1 The TEN Axis from Berlin to Palermo
The trans-border European priority scheme TEN Project No. 1 represents a roughly 2,200 km long high-speed railway route between Berlin/D and Palermo/I. Between Berlin and Naples/I ¾ of the 1,600 km section is already under construction or in operation. The southern section between Verona and Naples started operating in its entirety in December 2009 when the part-section between Bologna and Florence was finished. Five priority sections were defined from Verona to Franzensfeste. These include the access to Verona and the underground bypassing of Trient and Rovereto. The first geological studies, the feasibility study and the route alignment were completed for the section in the Tyrolean lowland. The city of Bozen is also to be bypassed by a roughly 14 km long tunnel. The section between Waidbruck/Ponte Garde-na and Franzensfeste/Fortezza is an important one. There the existing route possesses a 23 ‰ gradient.
The 55 km long Brenner Base Tunnel [1] starts at Fran-zensfeste Station. The new rail route joins up with the existing Innsbruck bypass thus creating a 62.5 km long underground tunnel link. The bypass at Innsbruck joins up with the 41 km long Lower Inn Valley route between Baumkirchen and Kundl, which is scheduled to be completed and in operation by 2012.
A programme of action was signed by all 3 member states on May 18th, 2009 to support time-related development and to push through the relevant political measures for transferring traffic from road to rail. The 3 member states and the 5 affected regions and the railway operators are committed to putting this programme into practice according to schedule (Fig. 1).

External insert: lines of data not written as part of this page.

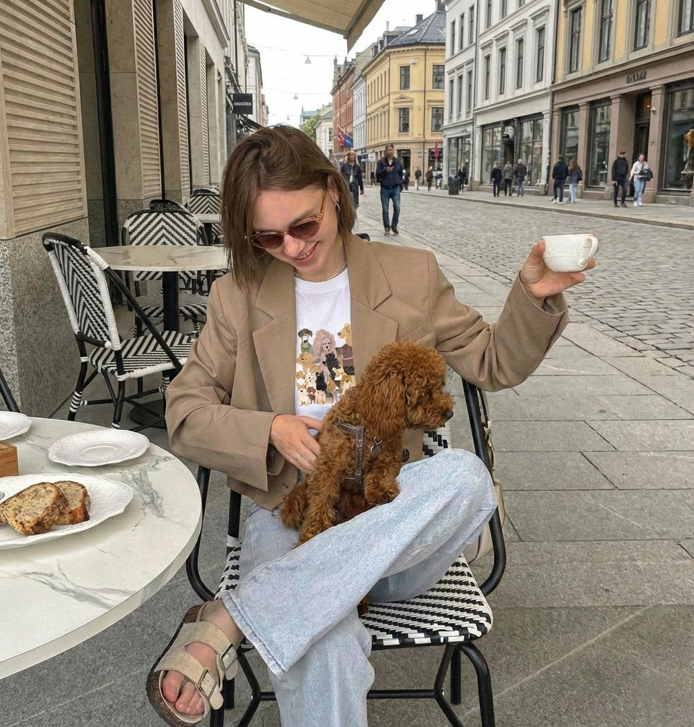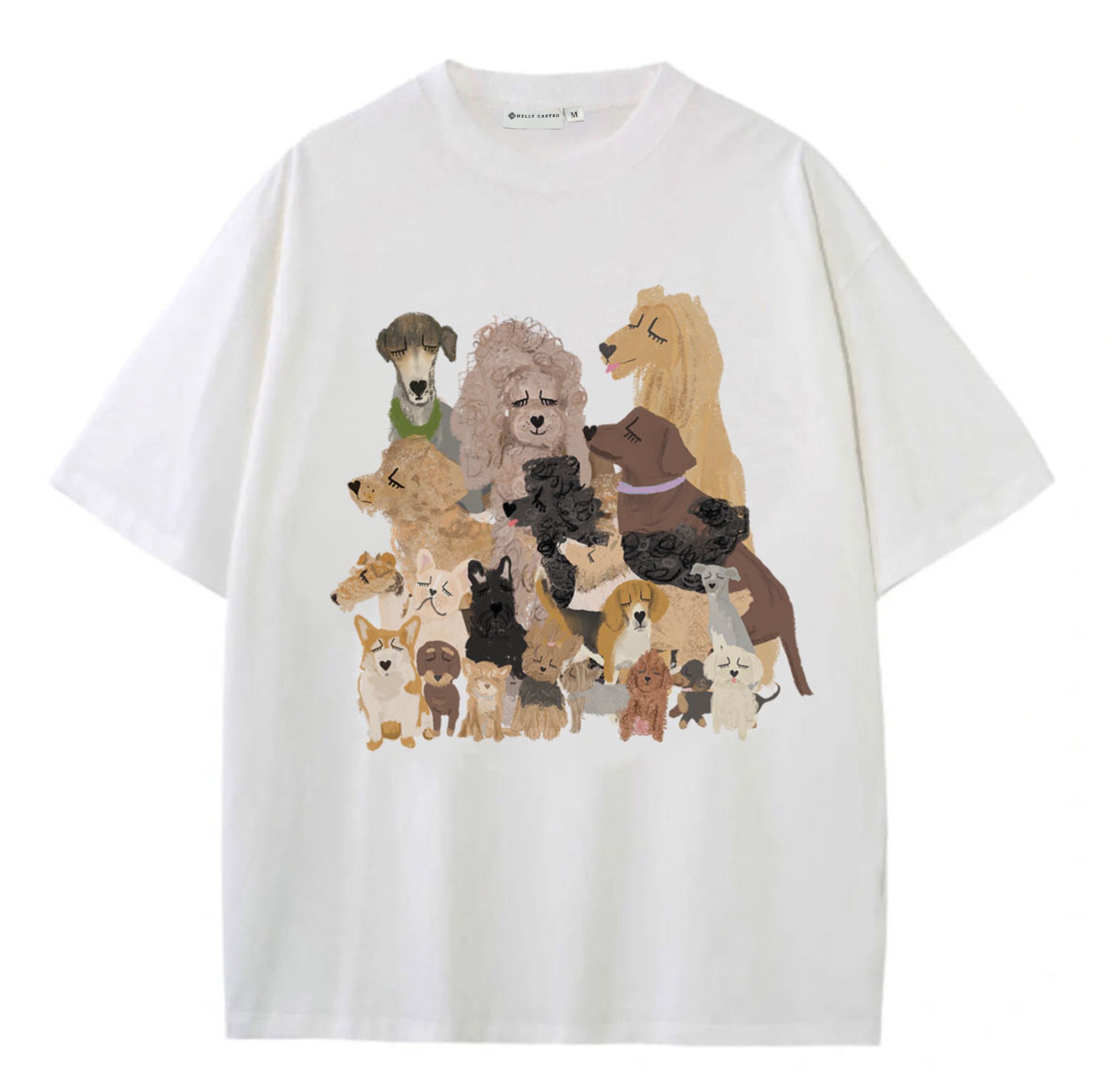 Das ist nicht einfach nur ein T-Shirt, sondern ein stylisches Statement. Die Vorderseite ziert eine charmante Hundeillustration, die den schicken und verspielten Stil von Nelly Castro perfekt einfängt. Doch das Design hört hier nicht auf: Auf der Rückseite prangt der handgeschriebene Schriftzug „Dog Lovers Club“ – damit bist du offizieller Botschafter des besten Hundeclubs der Welt.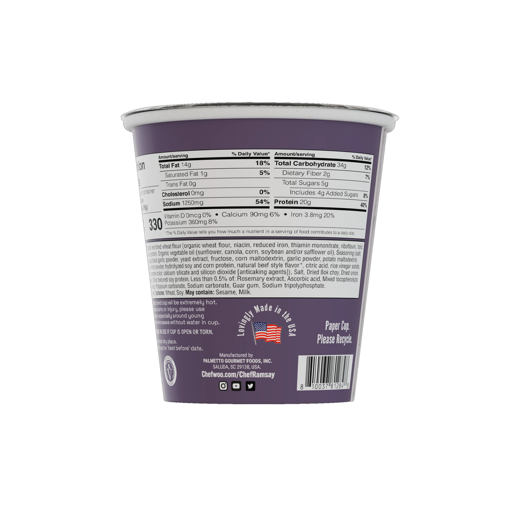 About this item A Rich and Sophisticated Ramen Flavor: Chef Ramsay combines the subtle sweetness of black garlic with a rich, beef-inspired flavor, creating a complex sweet and savory ramen experience. Protein-Packed, Slurpable Noodles: Each cup provides 20 grams of complete plant-based protein, with tender noodles that provide a satisfying...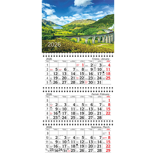 Календар квартальний настінний на 3 пружини 2026 "Міст" (R44405)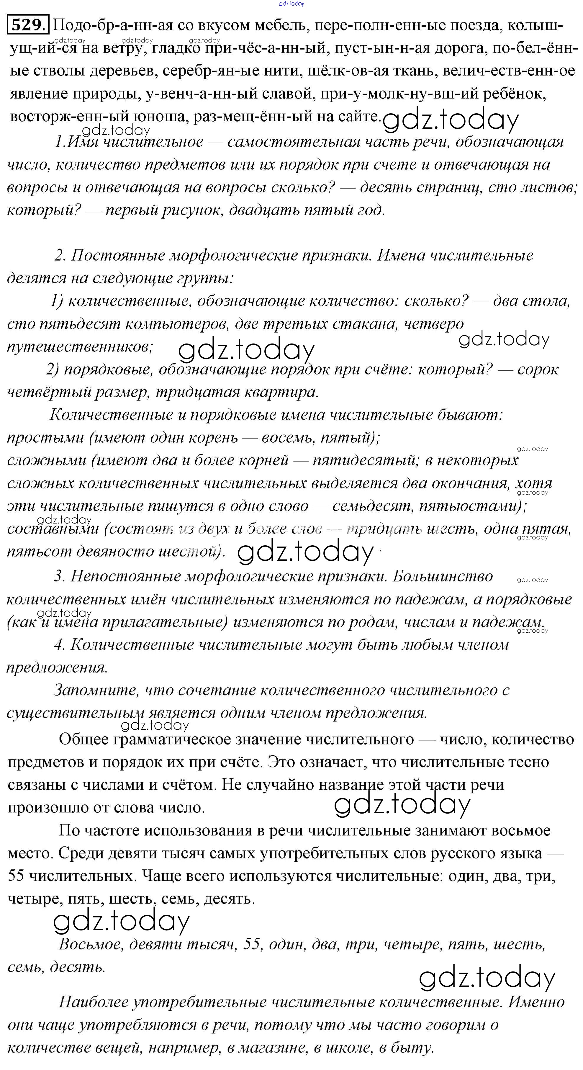 На страницах сайта gdz.today вы найдете учебный и вспомогательный материал, направленный на улучшения знаний школьной программы. ГДЗ - онлайн мир знаний Решение к упражнениям 529 Учебнику по Русскому языку для 6 класса Львова, Львов Мнемозина 2013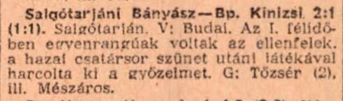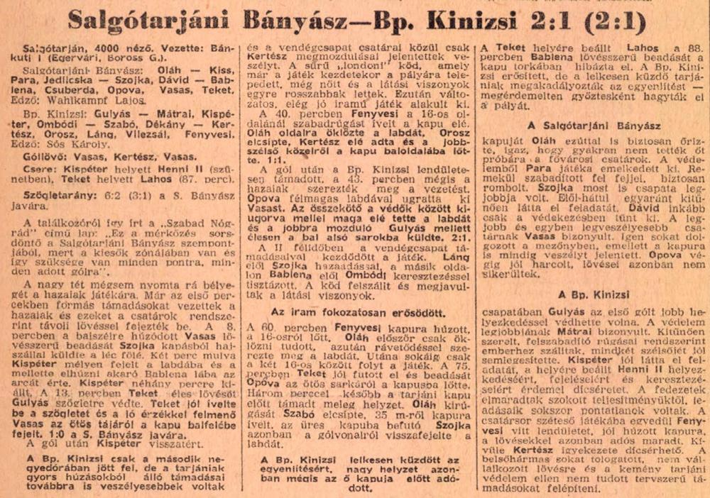1954.XII.19. Salgótarjáni Bányász – Bp. Kinizsi 2:1

2 Current Knowledge of the Geology – Hydrogeology
In geographical terms the entire length of the planned Brenner Base Tunnel runs through the central area of the eastern Alps. However, geologically speaking it passes through the ascending arched centre of the collision zone between the European and Adriatic (African)   plates, which are present in the form of a number of nappes lying on top of each other. In the process the tunnel crosses the Tauern Window, which provides an insight into the deeper crust zone of the eastern Alps on account of the arched effect that was referred to. From north to south along the entire tunnel route the major tectonic units are the Unterostalpin, the Pen-ninic nappes of the Tauern Window, a narrow zone with Oberostalpin and tertiary intrusive rocks in the S-shape of the Tauern Window and the Südalpin (Fig. 2).
Let us now consider the straight route alignment of the tunnel from Innsbruck (km 0) to Franzensfeste (km 55).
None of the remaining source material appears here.